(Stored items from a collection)
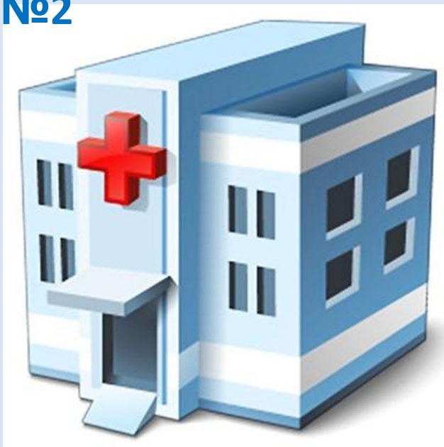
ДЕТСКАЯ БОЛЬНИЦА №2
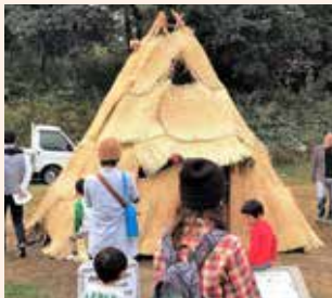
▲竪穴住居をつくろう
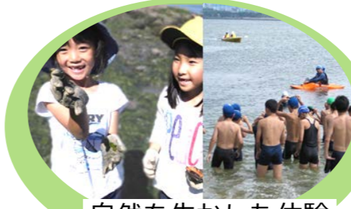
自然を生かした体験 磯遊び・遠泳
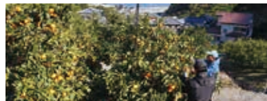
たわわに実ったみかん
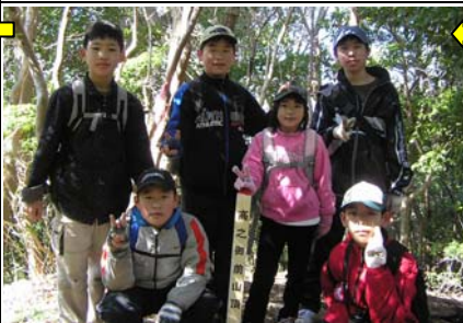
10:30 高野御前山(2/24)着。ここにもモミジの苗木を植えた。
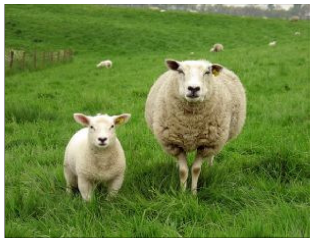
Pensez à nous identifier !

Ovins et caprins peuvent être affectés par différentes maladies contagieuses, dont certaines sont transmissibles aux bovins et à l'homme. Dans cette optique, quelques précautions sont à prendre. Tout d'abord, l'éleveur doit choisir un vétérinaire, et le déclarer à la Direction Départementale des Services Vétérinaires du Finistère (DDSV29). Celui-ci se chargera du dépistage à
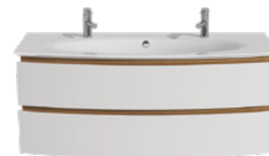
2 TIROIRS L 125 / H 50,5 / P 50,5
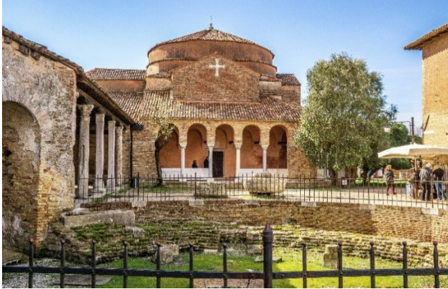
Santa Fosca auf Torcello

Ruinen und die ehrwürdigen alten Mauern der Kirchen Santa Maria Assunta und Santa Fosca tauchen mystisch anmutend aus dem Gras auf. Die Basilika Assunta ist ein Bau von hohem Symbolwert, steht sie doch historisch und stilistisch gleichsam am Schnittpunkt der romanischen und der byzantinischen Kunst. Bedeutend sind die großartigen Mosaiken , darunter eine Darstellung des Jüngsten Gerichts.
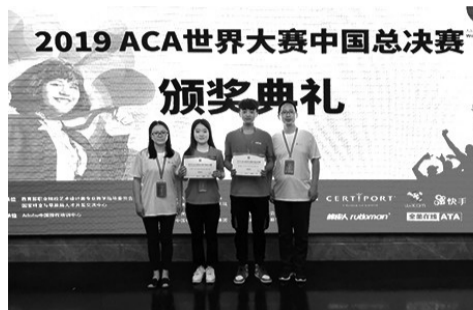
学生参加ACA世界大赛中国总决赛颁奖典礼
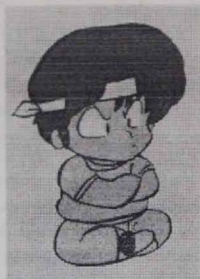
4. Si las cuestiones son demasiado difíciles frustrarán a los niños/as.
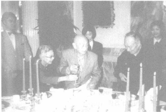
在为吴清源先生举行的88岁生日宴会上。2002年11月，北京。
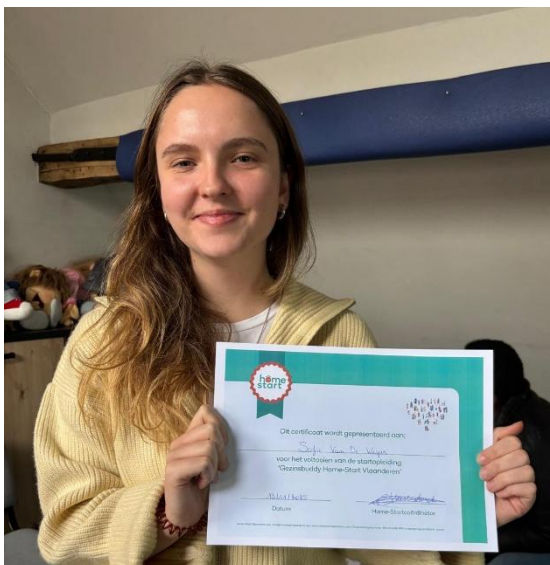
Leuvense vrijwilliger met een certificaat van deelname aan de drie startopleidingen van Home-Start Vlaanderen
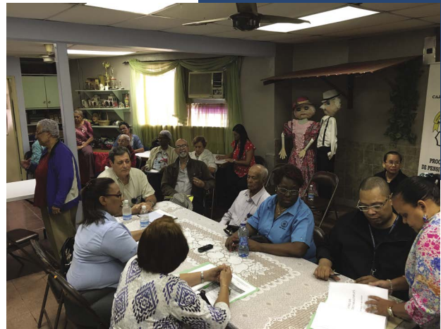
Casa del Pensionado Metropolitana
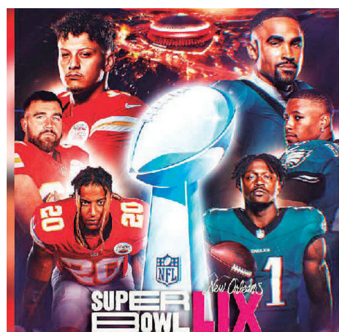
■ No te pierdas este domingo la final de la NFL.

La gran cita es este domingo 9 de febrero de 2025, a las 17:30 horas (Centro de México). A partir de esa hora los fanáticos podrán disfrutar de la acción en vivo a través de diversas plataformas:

● **Exercise**: From the first line to the last, set down the records above exactly and skip the pictures.

● **Expected answer**:
ДЕТСКАЯ БОЛЬНИЦА №2
▲竪穴住居をつくろう
自然を生かした体験 磯遊び・遠泳
たわわに実ったみかん
10:30 高野御前山(2/24)着。ここにもモミジの苗木を植えた。
Pensez à nous identifier !

Ovins et caprins peuvent être affectés par différentes maladies contagieuses, dont certaines sont transmissibles aux bovins et à l'homme. Dans cette optique, quelques précautions sont à prendre. Tout d'abord, l'éleveur doit choisir un vétérinaire, et le déclarer à la Direction Départementale des Services Vétérinaires du Finistère (DDSV29). Celui-ci se chargera du dépistage à
2 TIROIRS L 125 / H 50,5 / P 50,5
Santa Fosca auf Torcello

Ruinen und die ehrwürdigen alten Mauern der Kirchen Santa Maria Assunta und Santa Fosca tauchen mystisch anmutend aus dem Gras auf. Die Basilika Assunta ist ein Bau von hohem Symbolwert, steht sie doch historisch und stilistisch gleichsam am Schnittpunkt der romanischen und der byzantinischen Kunst. Bedeutend sind die großartigen Mosaiken , darunter eine Darstellung des Jüngsten Gerichts.
学生参加ACA世界大赛中国总决赛颁奖典礼
4. Si las cuestiones son demasiado difíciles frustrarán a los niños/as.
在为吴清源先生举行的88岁生日宴会上。2002年11月，北京。
Leuvense vrijwilliger met een certificaat van deelname aan de drie startopleidingen van Home-Start Vlaanderen
Casa del Pensionado Metropolitana
■ No te pierdas este domingo la final de la NFL.

La gran cita es este domingo 9 de febrero de 2025, a las 17:30 horas (Centro de México). A partir de esa hora los fanáticos podrán disfrutar de la acción en vivo a través de diversas plataformas:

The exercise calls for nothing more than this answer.